例えば、ITERのバルブを製造する際、VATはハウジングフランジに使用するステンレス鋼の品質に関する高い要件を自動的に考慮し、製造を行います。「こういった基準をハウジングの製造工程に盛り込み、これを3.1材料証明書と正確な溶接文書の形で確認します。このような特別な材料の要件に対しても、私たちVATが裏で細かい作業を行うので、ITERの開発者やサプライヤーには安心してお任せいただけています」と、Phil SchneiderはVATのサービス範囲の柔軟性を説明します。

信頼性の高い入手可能性

ITER側では、バルブポートフォリオのおかげで事務的な負担が大幅に軽減され、またITERのサプライヤーからは、明確な仕様や、いつでも同じ高品質なVATのコンポーネントが注文できる点が好評です。
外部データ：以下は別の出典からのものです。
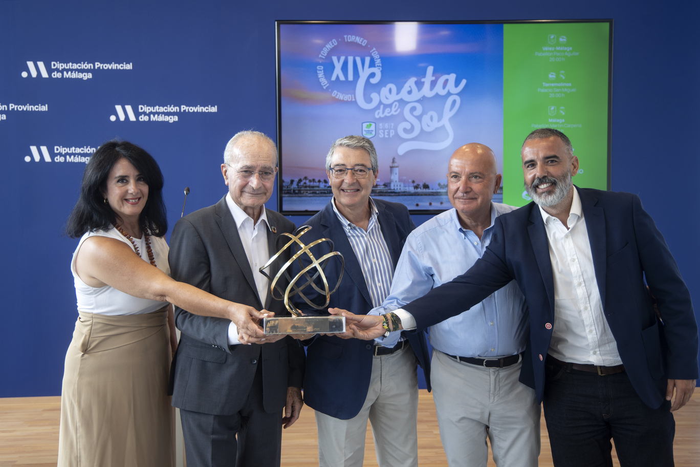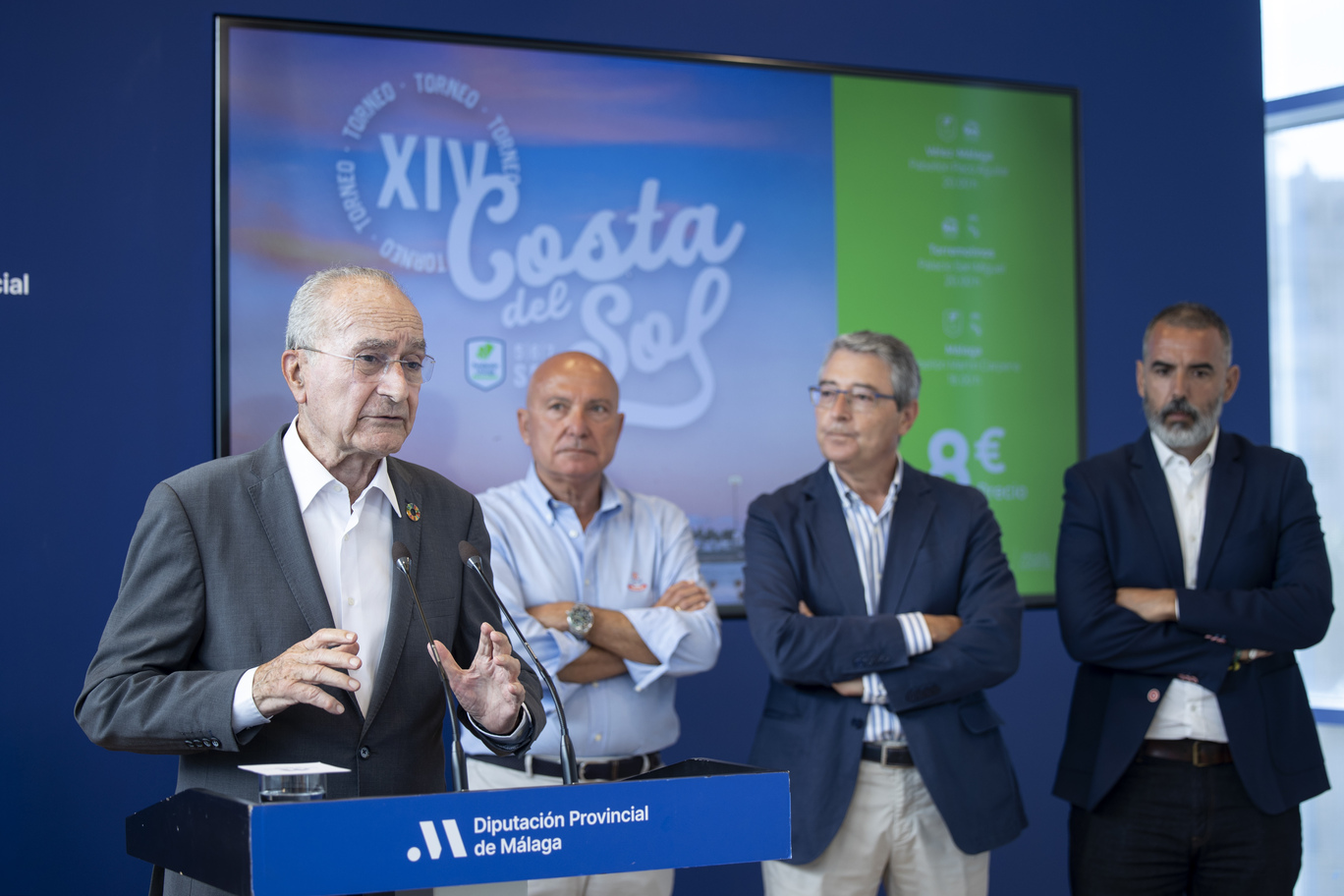El alcalde de Málaga, Francisco de la Torre, acompañado por el concejal delegado de Deporte, Borja Vivas, ha participado esta mañana a la presentación del XIV Torneo Costa del Sol de baloncesto que se celebrará del 5 al 7 de septiembre y que enfrentará a los equipos de Unicaja, Real Madrid y Alba Berlín en Vélez-Málaga, Torremolinos y en el Palacio de Deportes José María Martín Carpena de Málaga. En el acto, que ha tenido lugar en la Diputación Provincial de Málaga, también han participado el presidente de la Diputación, Francisco Salado, y el presidente de Unicaja Baloncesto, Antonio Jesús López Nieto, así como Luis Rodríguez y Alicia Ramírez, concejales de los ayuntamientos de Torremolinos y Vélez-Málaga, respectivamente.
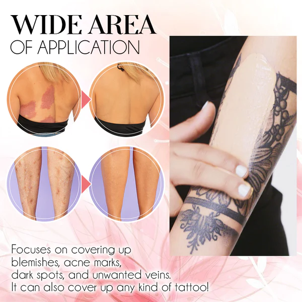 ✅ Full body coverage: Cover up imperfections anywhere on your body with our wide application- legs, arms, back of hands, and more.
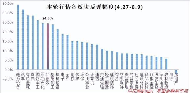 4月27日-6月9日,申万一级行业涨幅前五名分别为电力设备、汽车、有色金属、煤炭和国防军工,主要是成长和资源板块(全球通胀逻辑)。科创50指数涨幅24.5%,放在其中可排第七位。
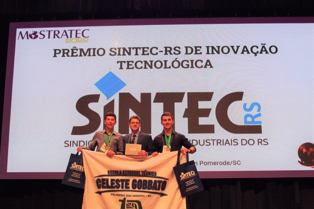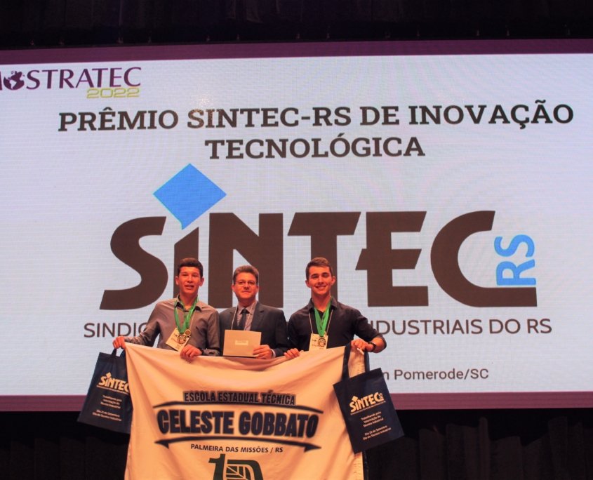 Arthur e Jean estudam na Escola Estadual Técnica Celeste Gobbato, em Palmeira das Missões, e foram orientados pela professora Carine Meier. Além do Prêmio SINTEC-RS, o trabalho desenvolvido pelos estudantes também foi reconhecido com o primeiro lugar na área de Ciência Ambientais da Mostratec e com o Prêmio ABRIC de Incentivo à Pesquisa. O prêmio entregue pelo sindicato credencia os vencedores para a FEBIC, em Pomerode, Santa Catarina.

反対にVAT側には、ITERのあらゆる納品要件にタイムリーに応じられるよう、すべての原材料と半製品の調達ルートを管理する責任があります。「この責任は、顧客固有のポートフォリオの重要な特徴であり、実際、真空バルブ市場では、これがVAT独自のセールスポイントの1つです」とPhil Schneiderは説明します。しかし、それだけではありません。実際VATは、顧客の要求に応じて、決められた期間(時には数年間)、合意した製品仕様や納品仕様、価格を保証しています。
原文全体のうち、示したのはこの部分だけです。